For local businesses — restaurants, shops, service providers — this is often more important than your website. When someone searches "software company near me" or "web developer in Colombo," Google shows the map pack first. Your website might not even appear above the fold, but your Business Profile will.
It's free. It takes about 30 minutes. And it's the single highest-ROI thing most small businesses can do for SEO.
Your website needs to load fast
This isn't optional anymore. Google has been using page speed as a ranking factor since 2021, and it's only gotten more important.
Here's what "fast" means in practical terms:
- Your site should load in under 2.5 seconds on mobile
- The main content should appear without layout shifts
- Clicking a button should respond within 100 milliseconds
If your site takes 5+ seconds to load on a phone, you're losing visitors AND ranking positions. Test yours at pagespeed.web.dev — it's Google's own tool.
Write for humans, then check the boxes for Google
There's a temptation to stuff your pages with keywords. Don't. Google's gotten remarkably good at understanding natural language. Write clearly about what you do, who you do it for, and where you do it.
That said, there are some basics worth getting right:
- Title tags. Each page needs a unique, descriptive title under 60 characters.
- Meta descriptions. Write a compelling summary under 155 characters. It doesn't directly affect ranking, but it affects whether people click.
- Heading structure. One H1 per page. Use H2s and H3s to organise content logically.
- Internal links. Link your pages to each other where it makes sense. This helps Google understand your site structure and keeps visitors exploring.
Location pages are underrated
If you serve specific areas, create dedicated pages for them. Not thin, spammy pages with the city name swapped out — real pages with content relevant to that location.
We do this at PrimeTechix. We have pages for Colombo, Jaffna, Vavuniya, and London because the needs and context genuinely differ between those markets. A client in Jaffna looking for Tamil-language software has different priorities than a London startup looking for an MVP.
These pages help Google associate your business with specific locations, and they give potential clients a page that actually speaks to their situation.
Don't ignore mobile
Over 60% of web traffic in Sri Lanka is mobile. In the UK, it's about 55%. If your site doesn't work well on a phone, you're invisible to more than half your potential customers.
Mobile-friendly doesn't just mean "it fits on a small screen." It means:
- Buttons are big enough to tap
- Text is readable without zooming
- Forms are easy to fill out on a touchscreen
- Nothing important is hidden behind a hover state
Structured data helps more than you think
This one's slightly more technical, but it's worth mentioning. Structured data (JSON-LD) tells Google exactly what your page is about — your business name, location, services, FAQs, reviews.

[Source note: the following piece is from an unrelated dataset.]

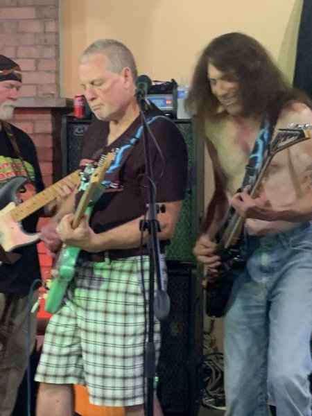 Melana singing Crazy Train with Bryne (left) uncle chuck (drums) and Steve (guitar), not shown Doug (Keys)

It's the difference between Google guessing what your page is about and Google knowing. It can also get you rich results in search — things like FAQ dropdowns, star ratings, and breadcrumbs that make your listing stand out.
What doesn't work anymore
- Buying backlinks. Google's spam detection is genuinely good now. Low-quality links will hurt more than help.
- Keyword stuffing. Writing "best software company in London" twelve times on a page doesn't work. It looks desperate and Google knows it.
- Publishing AI-generated content at scale. Google can detect it, and even if it can't, readers can. Thin content that says nothing useful won't rank for long.
The honest truth about SEO
SEO takes time. If someone promises you page-one rankings in a month, they're either lying or using tactics that'll get you penalised eventually.
Good SEO is about building something genuine — a fast website, useful content, real expertise — and giving Google reasons to trust you. That takes months, not weeks.
But once it starts working, it compounds. The traffic comes while you sleep. And unlike ads, it doesn't stop the moment you stop paying.